* _Work instruction_: Pictures are to be left out. Return exactly the lines below from the one with "Footage shows the" up to and including the one with "Excelencia чорні оливки".

* _Records for the task_:
--- START ---

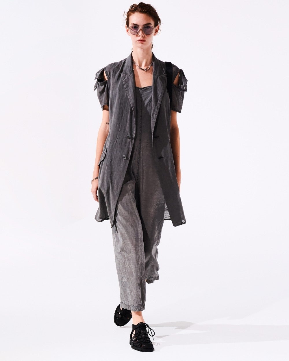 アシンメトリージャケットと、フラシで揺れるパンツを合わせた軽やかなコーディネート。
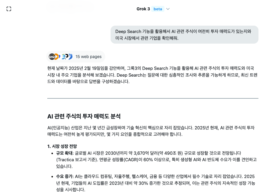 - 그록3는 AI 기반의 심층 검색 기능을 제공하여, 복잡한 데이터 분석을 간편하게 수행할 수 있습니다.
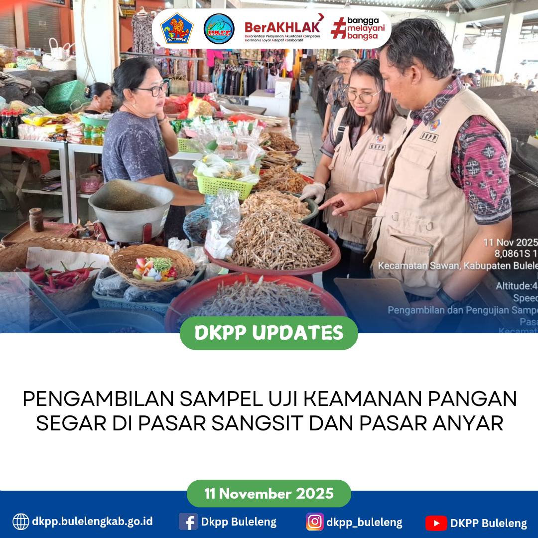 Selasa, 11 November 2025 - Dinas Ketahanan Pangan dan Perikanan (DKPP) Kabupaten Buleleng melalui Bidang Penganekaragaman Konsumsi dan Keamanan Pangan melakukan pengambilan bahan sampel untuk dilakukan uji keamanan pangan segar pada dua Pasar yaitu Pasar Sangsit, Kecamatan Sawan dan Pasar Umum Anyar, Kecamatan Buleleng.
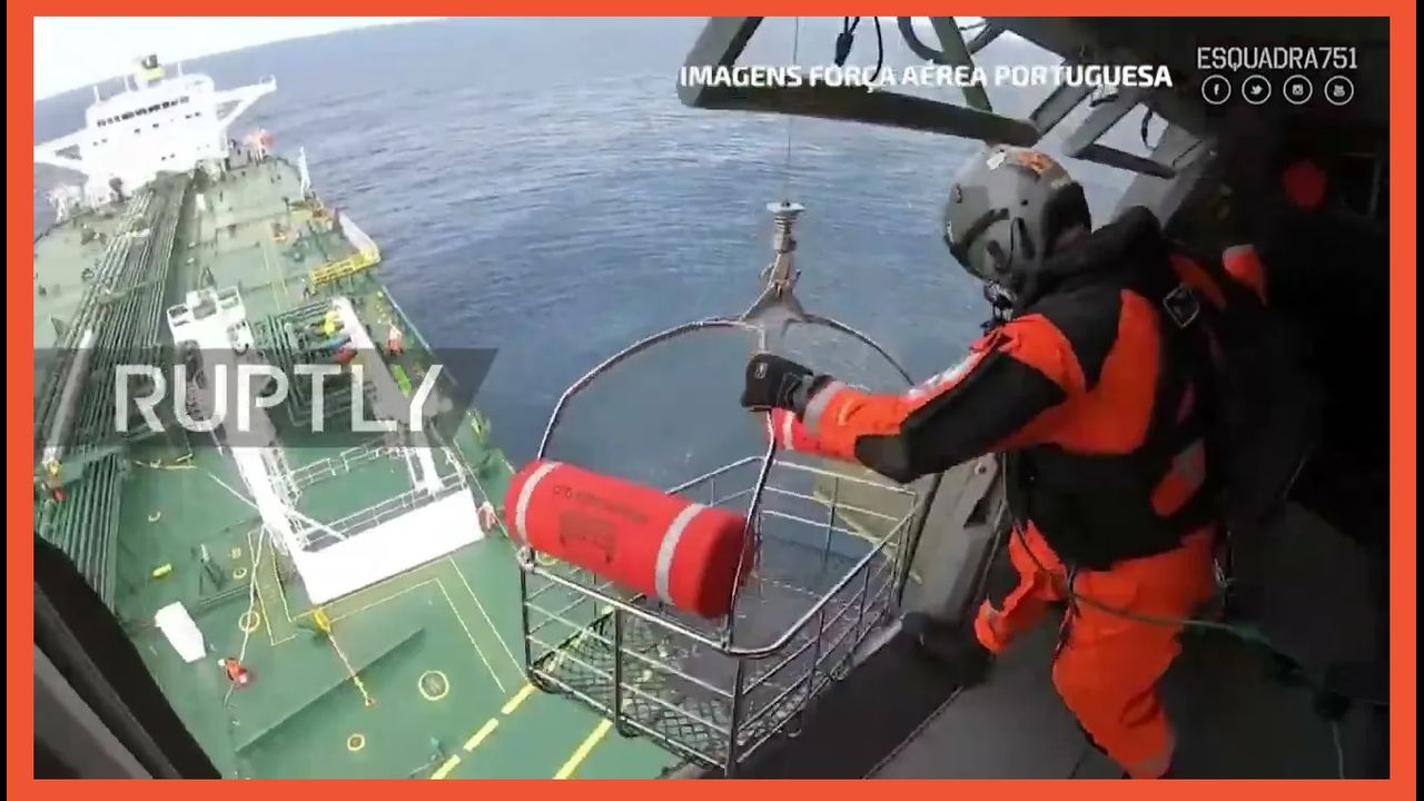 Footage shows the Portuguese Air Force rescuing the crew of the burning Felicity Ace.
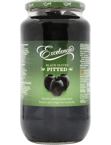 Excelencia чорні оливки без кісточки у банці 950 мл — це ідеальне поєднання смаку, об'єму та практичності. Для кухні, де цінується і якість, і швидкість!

--- END ---
--- START ---

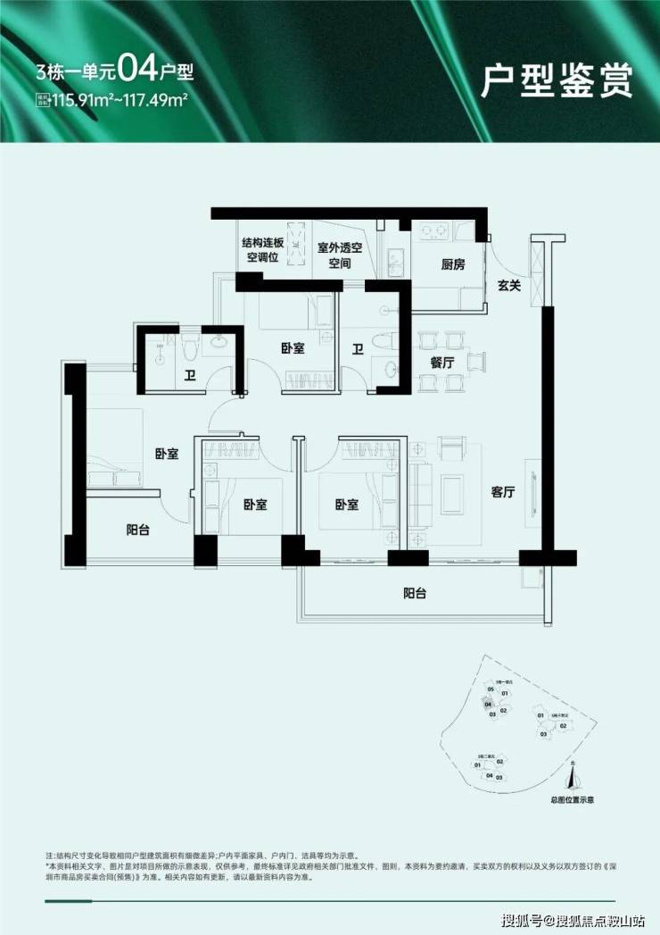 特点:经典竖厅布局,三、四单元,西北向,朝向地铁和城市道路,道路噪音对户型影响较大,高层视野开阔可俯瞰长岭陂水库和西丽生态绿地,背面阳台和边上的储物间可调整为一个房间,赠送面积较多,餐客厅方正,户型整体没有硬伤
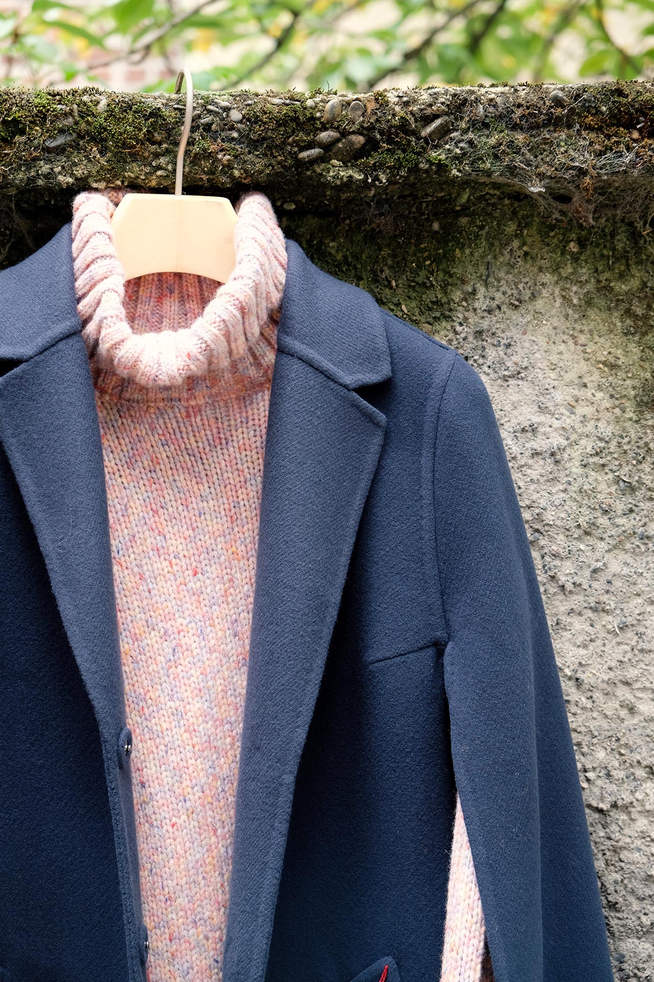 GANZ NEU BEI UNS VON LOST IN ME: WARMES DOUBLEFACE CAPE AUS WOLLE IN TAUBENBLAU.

--- END ---

* _Solution for this problem_:
 Footage shows the Portuguese Air Force rescuing the crew of the burning Felicity Ace.
 Excelencia чорні оливки без кісточки у банці 950 мл — це ідеальне поєднання смаку, об'єму та практичності. Для кухні, де цінується і якість, і швидкість!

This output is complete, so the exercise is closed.